При этом изысканном комплименте она не могла не покраснеть. Впоследствии она спрашивала себя, почему ему внезапно захотелось пофлиртовать с ней. Волосы ее были убраны назад в простой пучок, на ней не было никакой косметики. А еще позже она осознала, что его, как и Дрю, привлекла ее невинность.

Против всякого ожидания, он уговорил Джеффа отпустить ее с ним на прогулку в приглянувшейся машине, и тогда Шелли подумала, что этот человек смог бы уговорить прилив отойти вспять. Он занимался торговлей произведениями искусства — у него в Милане была собственная галерея. Необыкновенно яркими словами он описывал картины, которые покупал, а Шелли завороженно его слушала. Он сказал, что она хороша, как картина, и он готов дать ей работу, стоит ей только пожелать.

Он купил машину, расплатившись наличными, к радости Джеффа, а на следующий день прислал ей цветы в знак признательности за помощь. С чувством вины она зарылась лицом в розовато-лиловые цветы и вдохнула их тонкий аромат. Но она оставила букет на работе, не решившись забрать его домой: ведь мать могла поинтересоваться, откуда он. А на следующий день цветы завяли.

Она была растеряна. Дрю работал так много, что они почти не виделись. Ей шел двадцать первый год, и жизнь представлялась ровной прямой дорогой. Поэтому, когда Марко однажды предложил ей коктейль после работы, она неожиданно заколебалась:

— Даже не знаю…

— У вас есть молодой человек?

Она подняла левую руку и торжественно ответила:

— Жених.

— Может быть, я должен спросить у него разрешения?

— Нет, только не это! — пылко возразила Шелли.

Он пожал плечами.

— На следующей неделе я возвращаюсь в Италию. Возможно, я позвоню вам, когда в очередной раз буду здесь. Вам не трудно будет приехать в Лондон?

Да ей легче слетать на Марс! Она никогда больше не увидит Марко. Так что же плохого в том, чтобы всего лишь принять приглашение на коктейль?

Прежде ей не приходилось бывать в «Западном». Отель располагался на противоположном конце города, и посещать его могли только самые богатые приезжие — даже при том, что блеск его с годами тускнел.

Марко провел ее к столику, откуда открывался потрясающий вид на море, и от этой панорамы, от запаха кожаных кресел, от ледяного шампанского у нее закружилась голова.

На обратном пути Марко притормозил на некотором расстоянии от дома Шелли, и, когда он наклонился, чтобы поцеловать ее, ей показалось, что она смотрит фильм о какой-то другой женщине.

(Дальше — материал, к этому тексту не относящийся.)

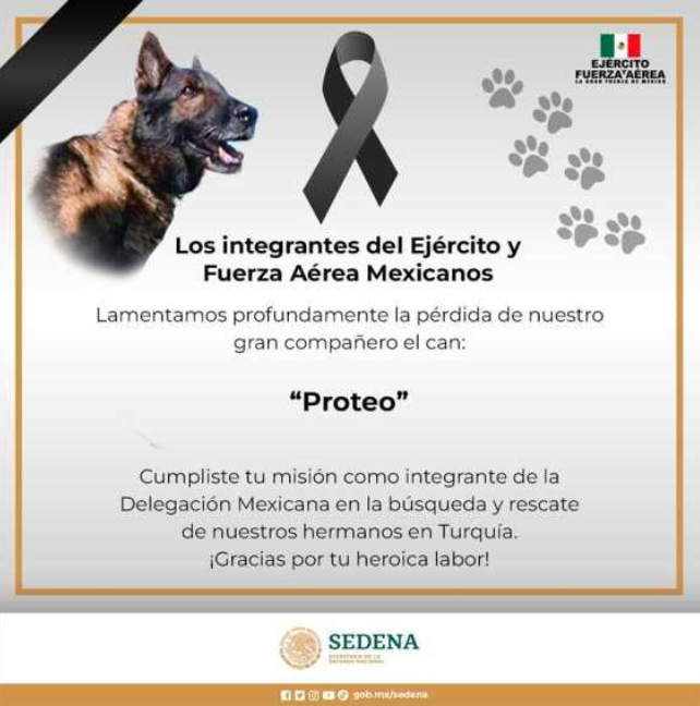 “Cumpliste tu misión como integrante de la Delegación Mexicana en la búsqueda y rescate de nuestros hermanos en Turquía. ¡Gracias por tu heroica labor!”, expresó la Secretaría de la Defensa Nacional (Sedena) en su mensaje de despedida para Proteo, el binomio canino rescatista que falleció esta madrugada en su cumplimiento de labor.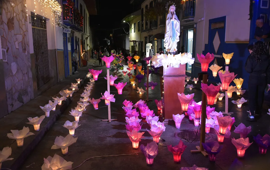 La víspera del festivo se celebra encendiendo velas y faroles en las calles, andenes, balcones y ventanas para honrar a la Virgen María. Muchos municipios son reconocidos por esta tradición

Она сказала себе, что ею движет чистое любопытство, и подставила губы. До тех пор целовал ее только Дрю.

Но оказалось, что это как шоколад: невозможно остановиться. И ей потребовалась вся сила воли, чтобы вырваться из его объятий и побежать к дому. Лай Флетчера терзал ее уши, а щеки онемели от ощущения вины.

И она не заметила темную фигуру, скрытую тенью деревьев…


Воспоминания развеялись подобно сновидению. Шелли взглянула на часы и поняла, что стоит на пустынном пляже почти час. Действительно ли Дрю недавно был здесь, или он тоже ей пригрезился?

Она медленно побрела по дороге к своей машине, чувствуя себя опустошенной, как выдохшееся шампанское.

Неужели она могла думать, что время сделало ее равнодушной к нему? Или — что еще хуже — она воображала, как он обнимет ее и станет говорить, что никогда ее не забывал?

ГЛАВА ЧЕТВЕРТАЯ


Дом показался Шелли меньше, чем он был в ее памяти. И куда более запущенным. Краска с оконных рам облупилась, а сами окна выглядели такими пыльными, как будто сошли с первого кадра ролика, рекламирующего моющее средство. Но трава перед домом аккуратно подстрижена, в углах не видно сорняков. А это кто мог сделать? — поразилась она, доставая из машины сумку с покупками.

Чтобы войти в дом, ей пришлось с силой толкнуть дверь, так как на полу скопилась куча пожелтевших рекламных проспектов. Она содрогнулась. Внутри было холодно — до горечи холодно, и в ноздри ударил резкий, нездоровый запах сырости и пустоты.

Она миновала прихожую, прошла в небольшую гостиную и огляделась. Тоска по прошлому заползла в ее душу. Везде, где только возможно, стояли фотографии, изображающие Шелли в разные периоды ее жизни.

Вот она круглолицый младенец, завернутый в одеяло и выглядывающий из колыбели. Вот на пляже малышка сосет палец и таращится в объектив. А вот ее первый школьный день: она держится уверенно и гордо, хотя форма ей велика. А вот долговязый, угловатый подросток — девочка на пороге юности.

Однако дольше всего ее взгляд задержался на снимке, где она была вместе с Дрю. Вероятно, фотография была сделана в период их помолвки: его рука свободно лежала на ее плече, смотрели они не на фотографа, а друг на друга — и смеялись от счастья.

Шелли закусила губу, повернулась, быстро вышла из комнаты и поднялась на второй этаж в свою спальню.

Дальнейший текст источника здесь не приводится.